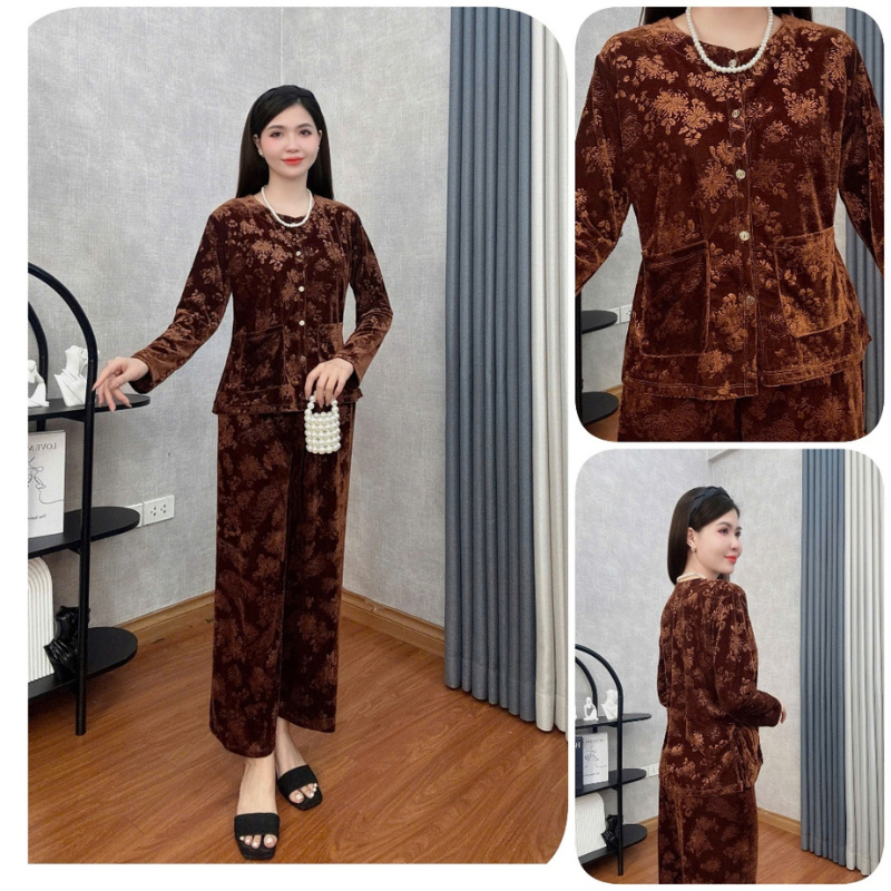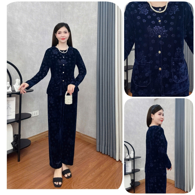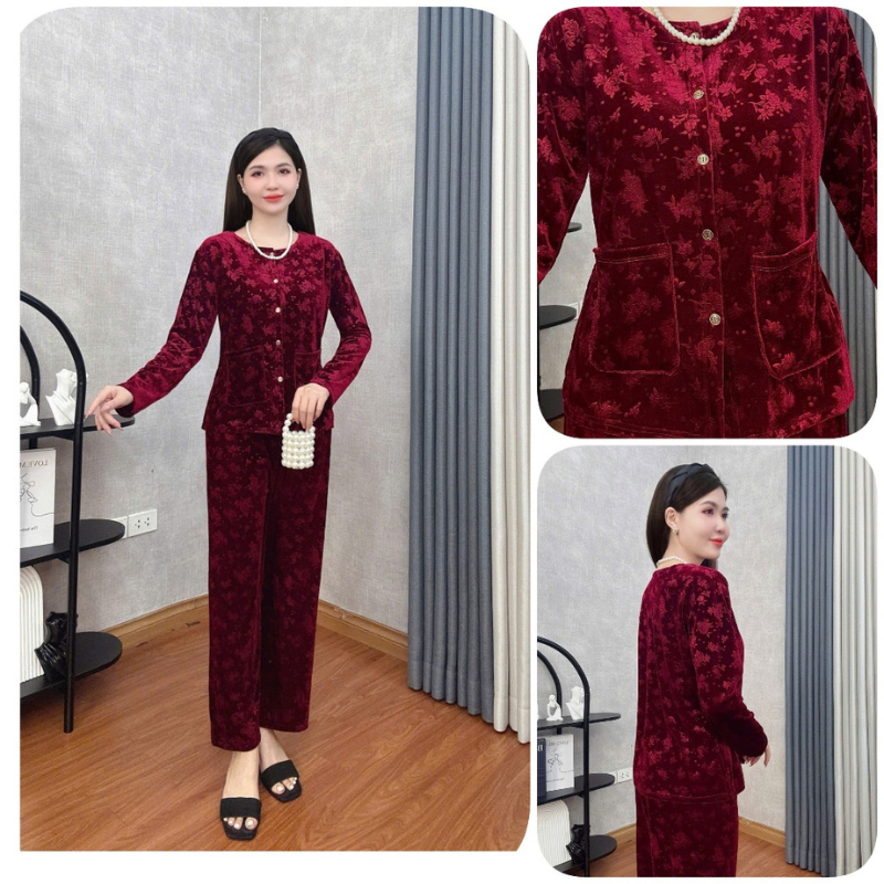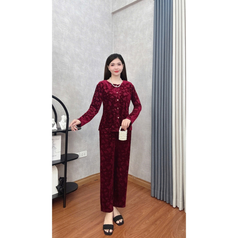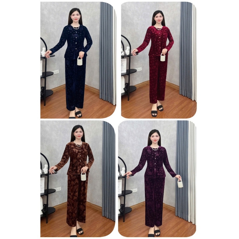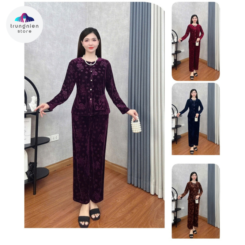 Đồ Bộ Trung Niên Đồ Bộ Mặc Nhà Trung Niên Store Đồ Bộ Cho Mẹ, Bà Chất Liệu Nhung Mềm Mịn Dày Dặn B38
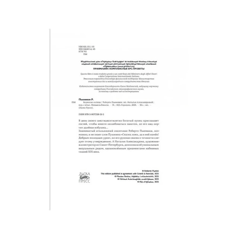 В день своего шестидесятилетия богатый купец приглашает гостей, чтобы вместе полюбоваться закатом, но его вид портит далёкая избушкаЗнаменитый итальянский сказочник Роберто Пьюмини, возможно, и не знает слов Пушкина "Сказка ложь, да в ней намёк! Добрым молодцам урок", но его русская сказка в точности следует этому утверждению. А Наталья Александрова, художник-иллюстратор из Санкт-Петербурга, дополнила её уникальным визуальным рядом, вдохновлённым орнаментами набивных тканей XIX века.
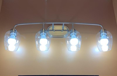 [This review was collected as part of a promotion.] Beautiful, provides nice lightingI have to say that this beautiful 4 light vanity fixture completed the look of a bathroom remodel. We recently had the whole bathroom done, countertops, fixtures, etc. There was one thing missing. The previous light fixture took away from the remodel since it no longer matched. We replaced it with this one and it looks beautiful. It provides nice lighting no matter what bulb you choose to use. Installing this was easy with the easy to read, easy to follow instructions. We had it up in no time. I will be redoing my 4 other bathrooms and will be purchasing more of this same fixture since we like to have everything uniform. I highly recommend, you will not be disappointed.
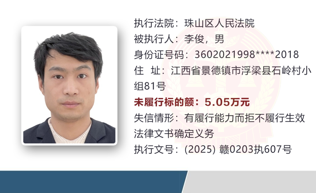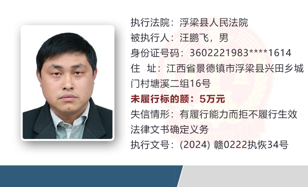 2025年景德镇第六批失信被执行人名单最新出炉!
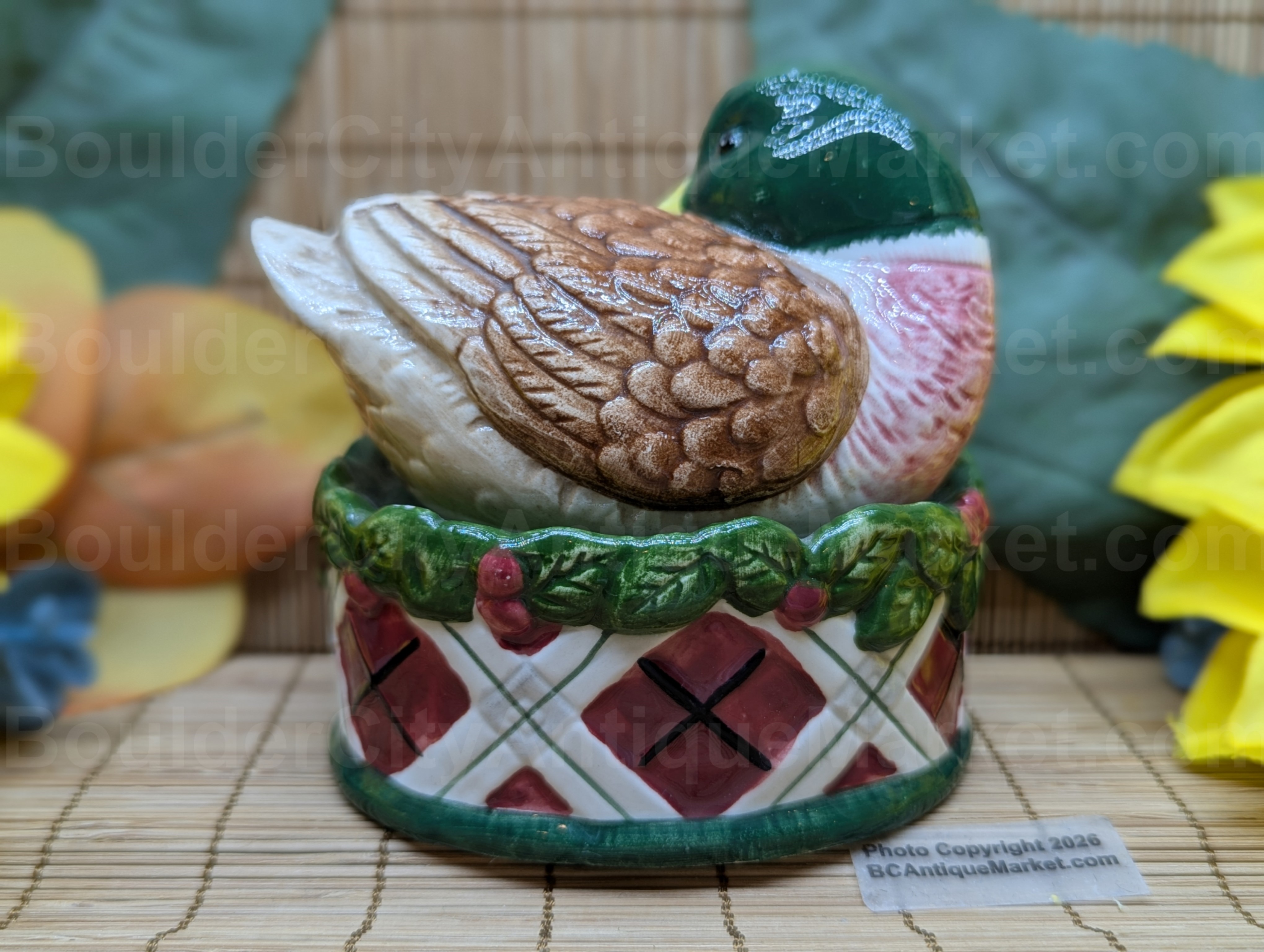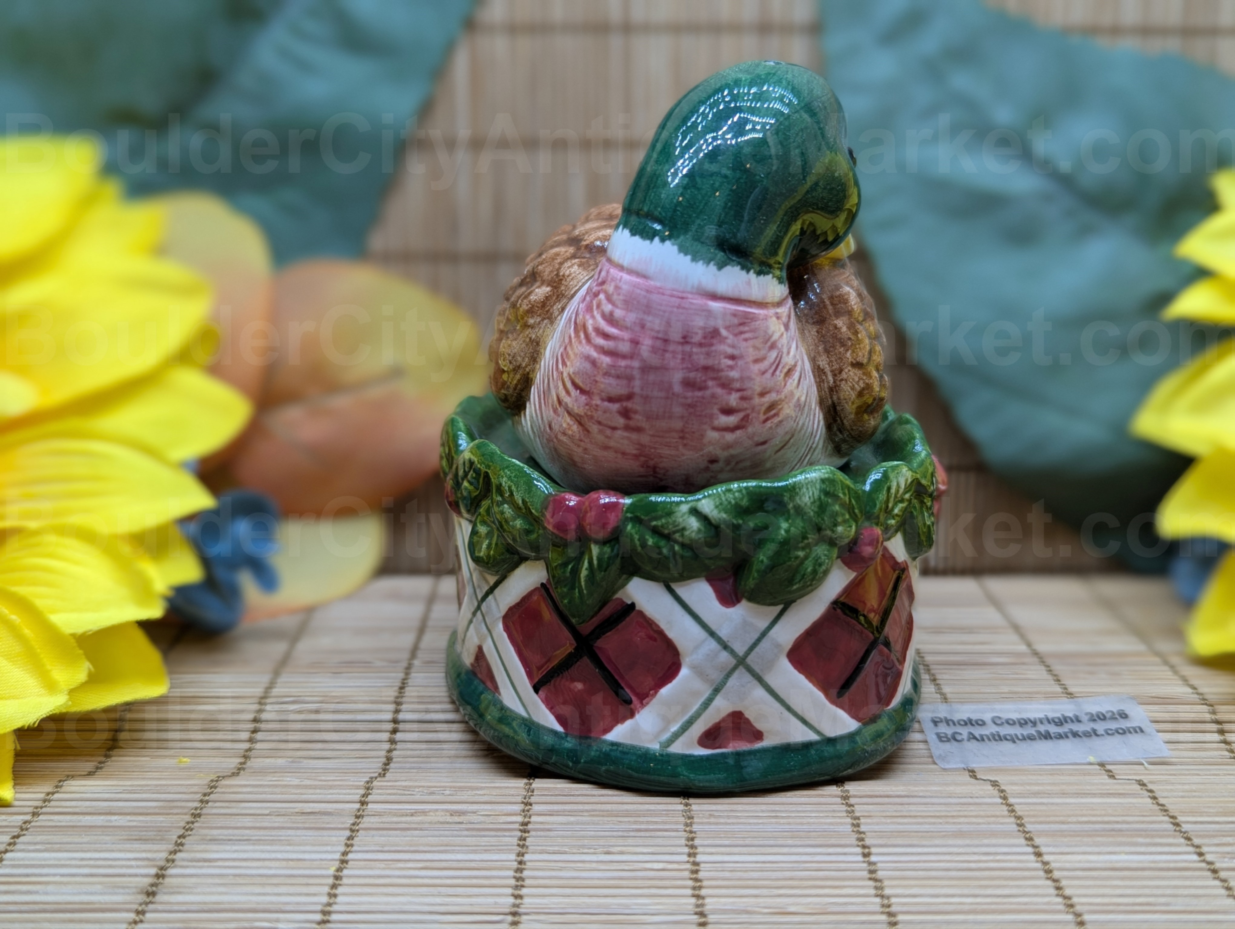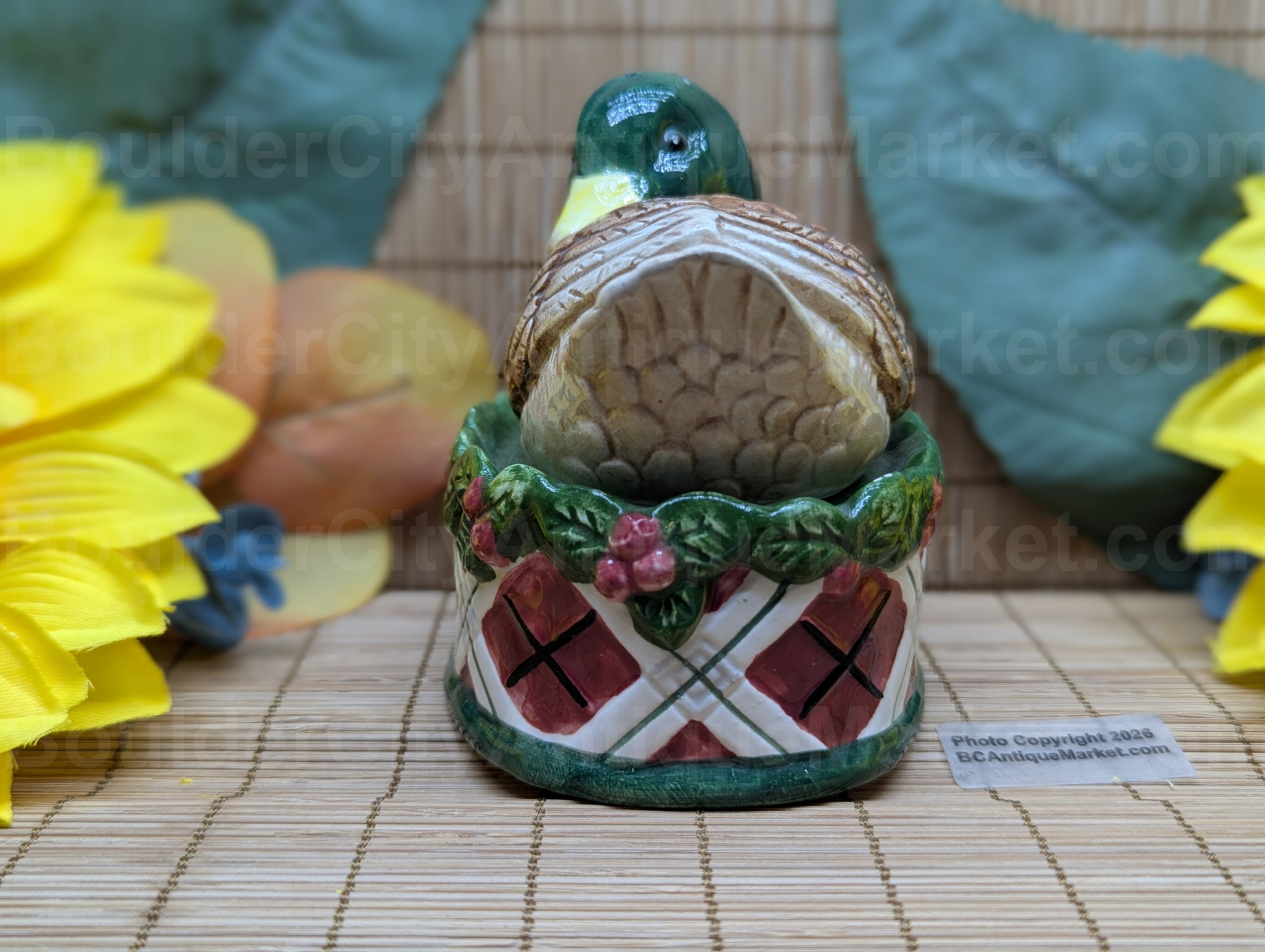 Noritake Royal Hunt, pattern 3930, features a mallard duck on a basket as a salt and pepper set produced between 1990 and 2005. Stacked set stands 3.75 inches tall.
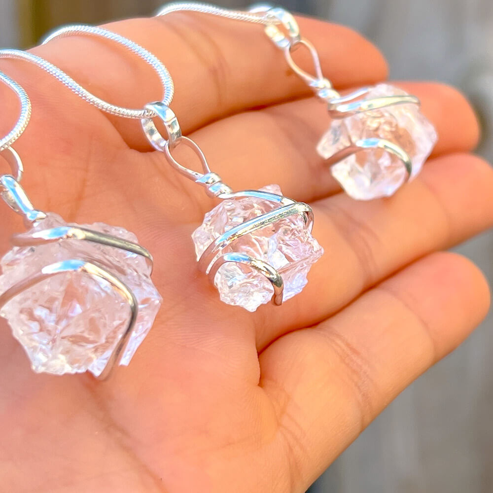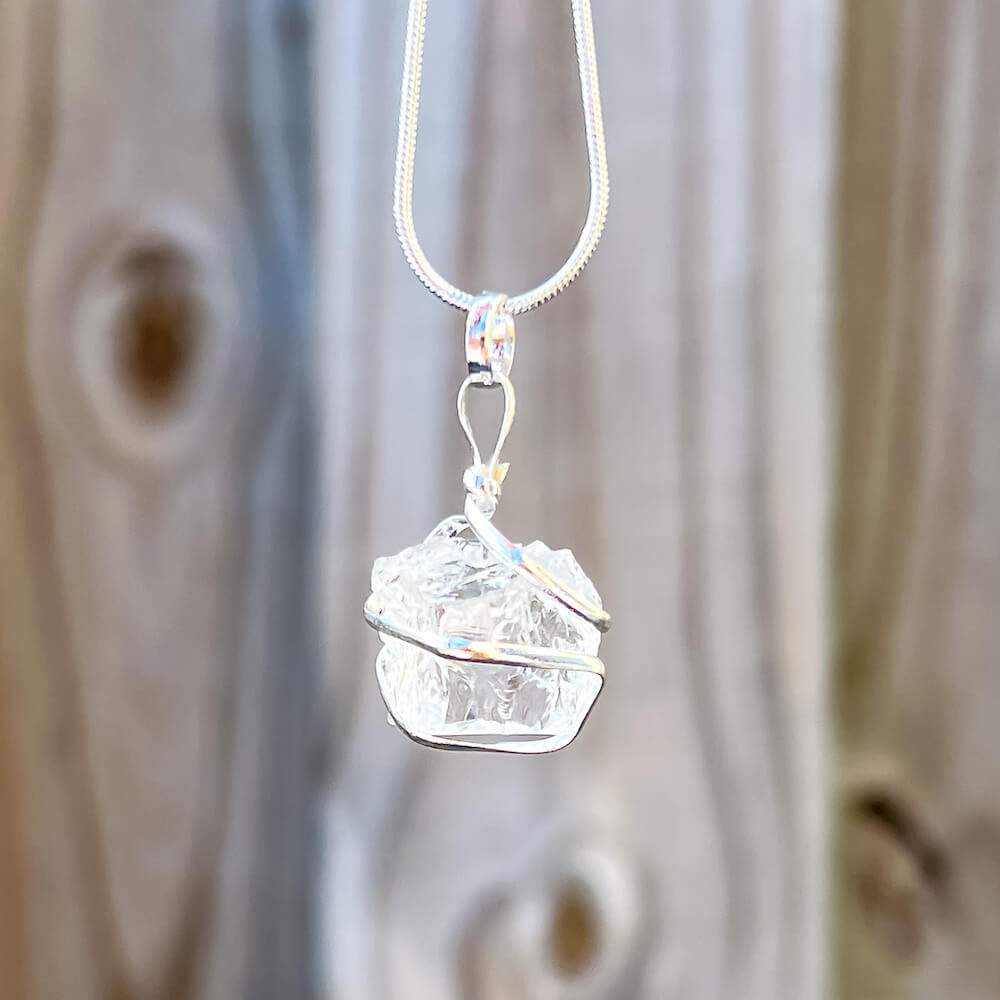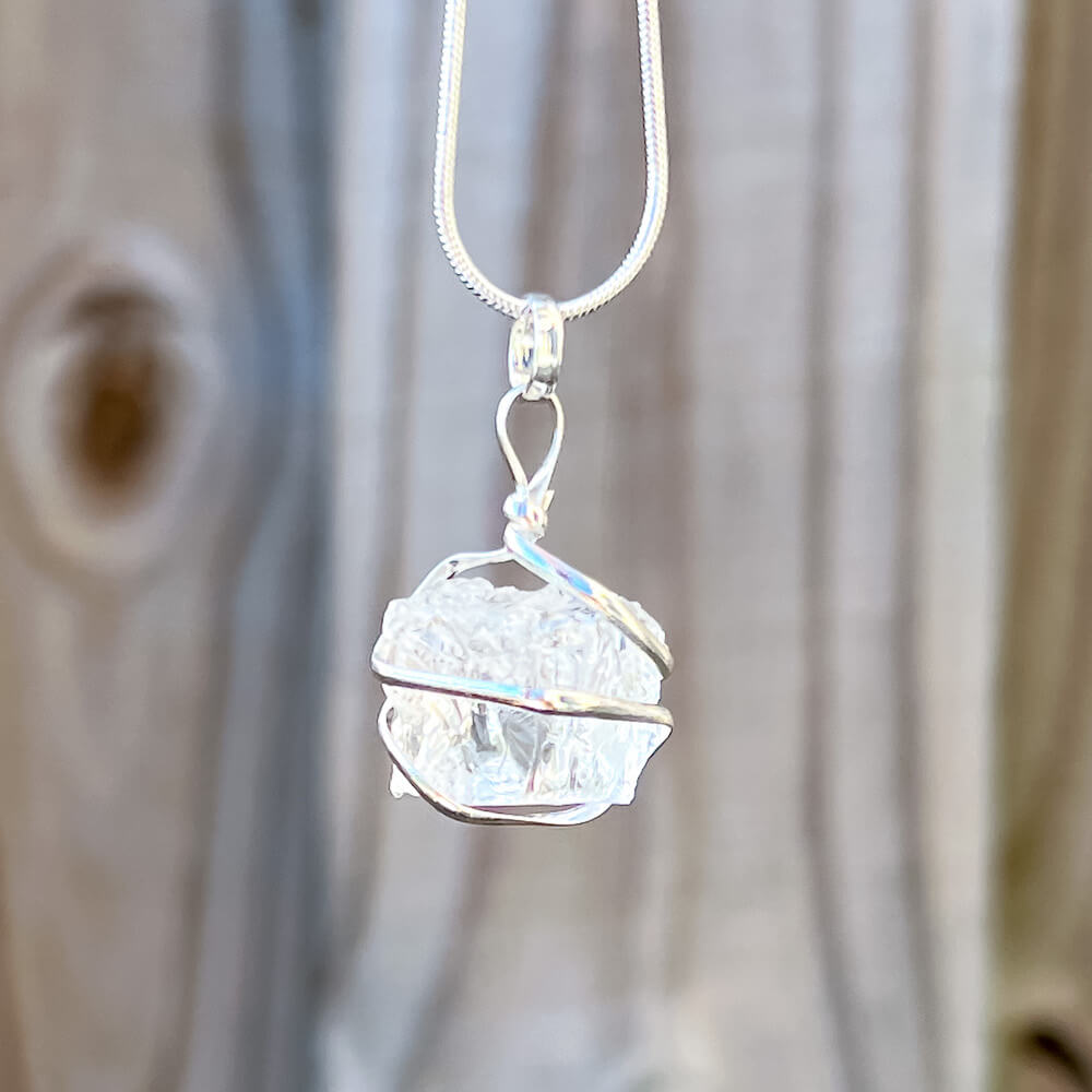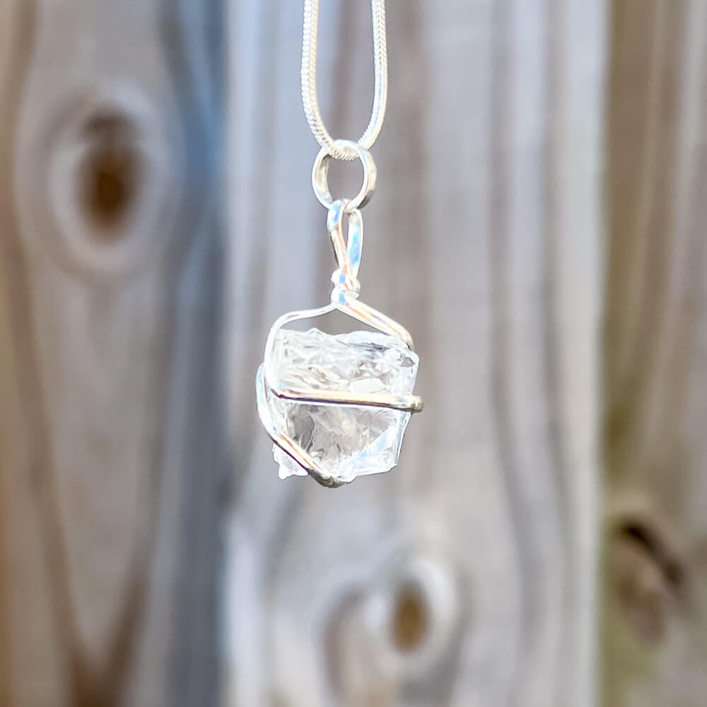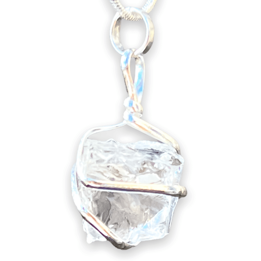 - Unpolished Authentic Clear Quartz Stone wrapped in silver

*Action item*. Any pictures are to be skipped, and the lines from the beginning of the entries through the line with "В день своего" copied exactly.

*Reply to the exercise*.
 Đồ Bộ Trung Niên Đồ Bộ Mặc Nhà Trung Niên Store Đồ Bộ Cho Mẹ, Bà Chất Liệu Nhung Mềm Mịn Dày Dặn B38
 В день своего шестидесятилетия богатый купец приглашает гостей, чтобы вместе полюбоваться закатом, но его вид портит далёкая избушкаЗнаменитый итальянский сказочник Роберто Пьюмини, возможно, и не знает слов Пушкина "Сказка ложь, да в ней намёк! Добрым молодцам урок", но его русская сказка в точности следует этому утверждению. А Наталья Александрова, художник-иллюстратор из Санкт-Петербурга, дополнила её уникальным визуальным рядом, вдохновлённым орнаментами набивных тканей XIX века.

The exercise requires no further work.